If the Court inval­id­ates the FHFA’s struc­ture in Collins, it will repres­ent an expan­sion of the prin­ciples announced in Seila Law, to our soci­ety’s detri­ment. Accord­ing to the unit­ary exec­ut­ive theory, exec­ut­ive power should be concen­trated in the hands of the pres­id­ent, to whom federal agen­cies should be more respons­ive. But consol­id­at­ing exec­ut­ive power by ending for-cause removal for agency heads threatens to under­mine the effect­ive­ness of the agen­cies they lead. Indeed, federal agen­cies are less able to imple­ment expert­ise-driven responses to the nation’s prob­lems in an effi­cient manner if their lead­ers have to contend with inter­fer­ence driven by polit­ical motives rather than the facts.

The unit­ary exec­ut­ive theory is part of a constel­la­tion of legal prin­ciples gain­ing momentum with the Court that are dressed up as ways to improve govern­ment but have the perverse effect of making it less func­tional. The nondelega­tion doctrine, for example, has been cited by some current justices as a reason for prevent­ing Congress from direct­ing federal agen­cies to decide “major” policy ques­tions. And several justices have exhib­ited skep­ti­cism of legal doctrines that afford defer­ence to agency expert­ise, which doctrines have long served as the basis for uphold­ing agency regu­la­tions.

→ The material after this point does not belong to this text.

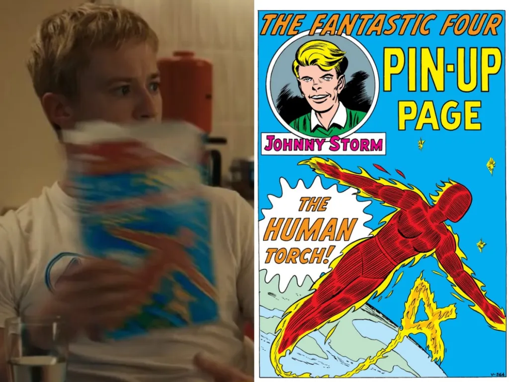 Nella clip di quattro secondi postata qui sotto, Johnny Storm (Joseph Quinn) sta gustando una ciotola di cereali Lucky Charms all’ora di cena. Sul fronte della scatola, accurata e d’epoca, c’è la mascotte L.C. the Leprechaun (che ha debuttato nel 1964). Sul retro della scatola: lui stesso fiammeggiante come Torcia Umana, tratto dalla pin-up di Kirby in Fantastic Four #3.

It remains to be seen, in this case and future cases, whether the Supreme Court will begin to embrace the inter­pret­a­tion of the unit­ary exec­ut­ive theory that proponents of the theory in the Trump admin­is­tra­tion have expounded — namely, that the pres­id­ent should have the abil­ity to fire not only agency lead­ers but all federal employ­ees for any reason or no reason at all. For instance, the acting head of the Office of Person­nel Manage­ment — the federal govern­ment’s human resources agency —  ques­tions the consti­tu­tion­al­ity of civil service protec­tions, which have exis­ted for nearly 150 years and shield career govern­ment employ­ees from polit­ic­ally motiv­ated firings. Reflect­ing this view, Pres­id­ent Trump recently issued an exec­ut­ive order elim­in­at­ing for-cause removal protec­tion for poten­tially hundreds of thou­sands of civil service posi­tions, giving teeth to his threats to fire National Insti­tute of Allergy and Infec­tious Diseases Director Anthony Fauci.

The consequences for the federal govern­ment of an expan­ded unit­ary exec­ut­ive theory would be signi­fic­ant: high turnover, low compet­ence, and less expert­ise, all of which serve the interests of oppon­ents of regu­la­tion more than those of an admin­is­tra­tion seek­ing to protect consumers, public health, worker safety, and the envir­on­ment. If the Supreme Court contin­ues down its current path, we could soon have a govern­ment more inclined to serve partisan interests than the public interest when it comes to pivotal issues affect­ing Amer­ic­ans’ every­day lives, while the economic, health, and envir­on­mental chal­lenges facing this coun­try become more multi­fa­ceted and complex.